A Novel Sodium-Ion Batteries: Synthesis and Characterization of Nanostructured Sodium Rhodizonate Cathodes

Abstract

Several studies have emerged that seek to solve the energy deficit that we face as a society, where energy storage plays an important role. In this regard, Ion-Sodium batteries (Ion-Na) represent an excellent alternative to the Ion-Li batteries currently on the market. These new Ion-Na batteries have adequate charge densities and at a lower cost. Taking this issue into account, there is great interest in studying the composition, structure, and morphology of cathodes as active materials to optimize this type of battery. [i],[ii] .In this study, the synthesis and characterization of sodium rhodizonate nanostructures to be used as cathode material in Sodium-ion batteries was carried out.
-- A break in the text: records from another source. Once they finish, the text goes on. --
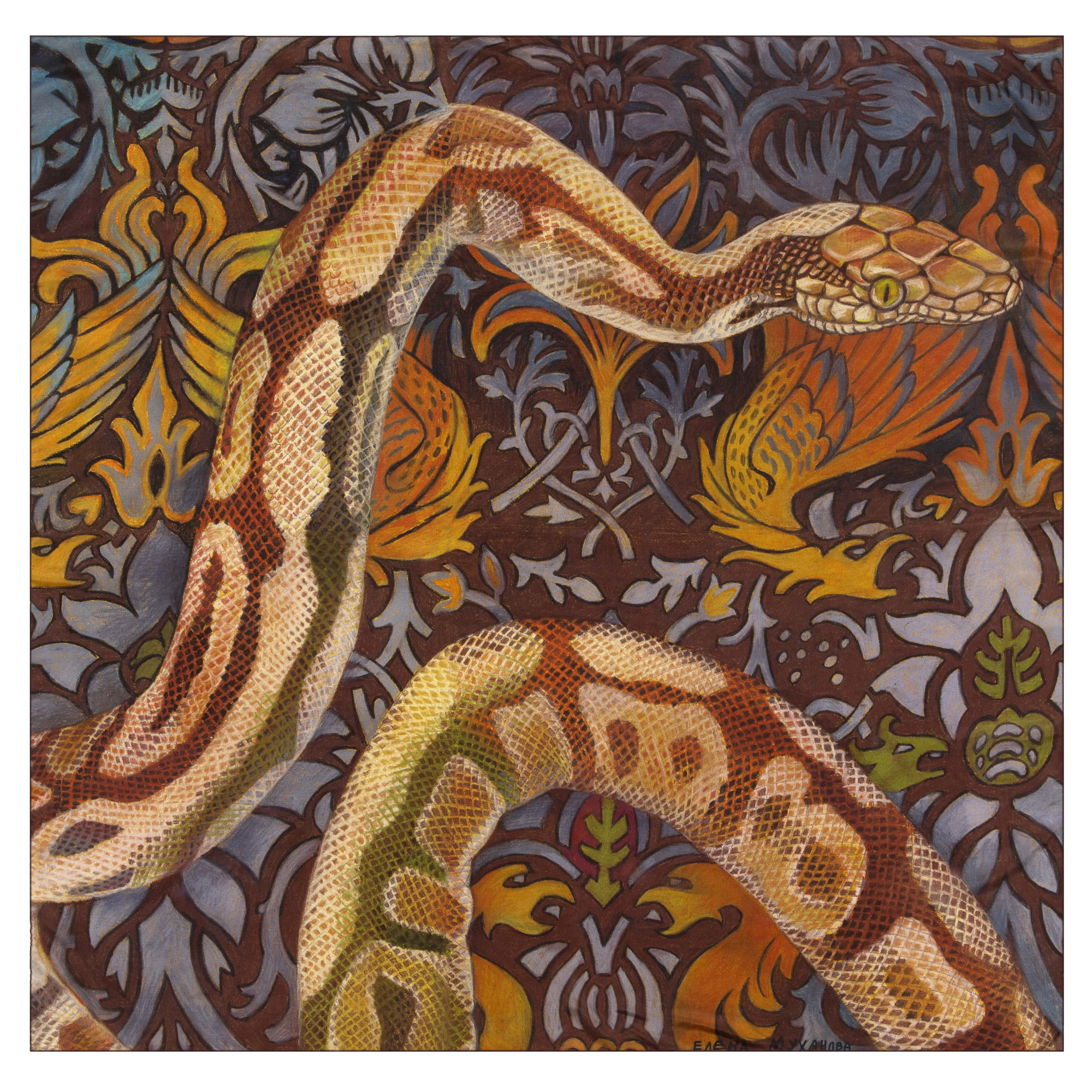 В эскизе платка и шали «Змея» художница сочетала декоративные орнаментальные мотивы в стиле Arts & Crafts и реалистичное, почти натуралистичное изображение змеи — мощного, прекрасного естественной красотой питона с пятнистой шкурой.
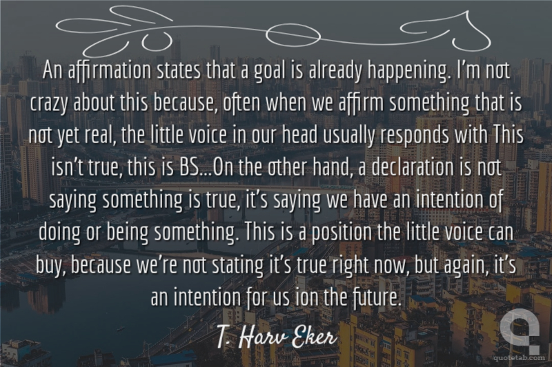 An affirmation states that a goal is already happening. I'm not crazy about this because, often when we affirm something that is not yet real, the little voice in our head usually responds with This isn't true, this is BS...On the other hand, a declaration is not saying something is true, it's saying we have an intention of doing or being something. This is a position the little voice can buy, because we're not stating it's true right now, but again, it's an intention for us ion the future.
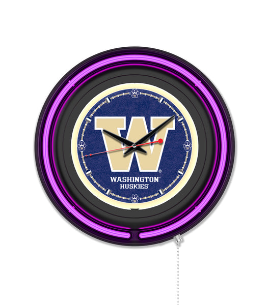University of Washington Black Case Neon Clock
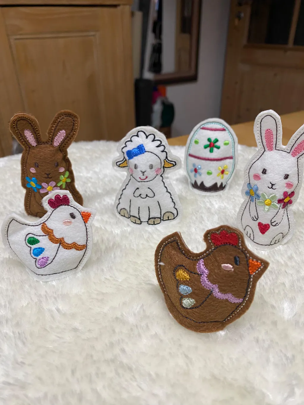 Kleines Osterei aus Stickfilz mit Platz für ein Schokoladen-Ei

In a first stage, a two-level factorial design was used as an exploratory stage to evaluate the statistical significance of the variables involved in the synthesis: i) temperature, ii) reaction time, iii) molar ratio of precursors, and iv) addition time. The nanostructuring of the sodium rhodizonate crystals was carried out by the ultrasonic crystallization method and was characterized by X-ray Diffraction (XRD) and Scanning Electron Microscopy (SEM). The electrochemical characterization was performed using cyclic voltammetry, galvanostatic charge/discharge profiles, and cyclability. The results show that the nanostructuring of the material causes an increase in the storage capacity of sodium ions in the sodiation/desodiation process. This shows a strong size-dependence in the Na + ion intercalation process. Finally, these results will allow the generation of causal relationships that lead to the optimization of the electronic properties of alternative Na-ion batteries. [i] Minah Lee, Jihyun Hong, Jeffrey Lopez, Yongming Sun, Dawei Feng, Kipil Lim, William C. Chueh, Michael F. Toney, Yi Cui & Zhenan Bao. Nature Energy, volume 2, pages 861–868 (2017). [ii] R.-E. Dinnebier, H. Nuss, M. Jansen, Disodium rhodizonate: a powder diffraction study, Acta Crystallographica E61 (2005) m2148–m2150.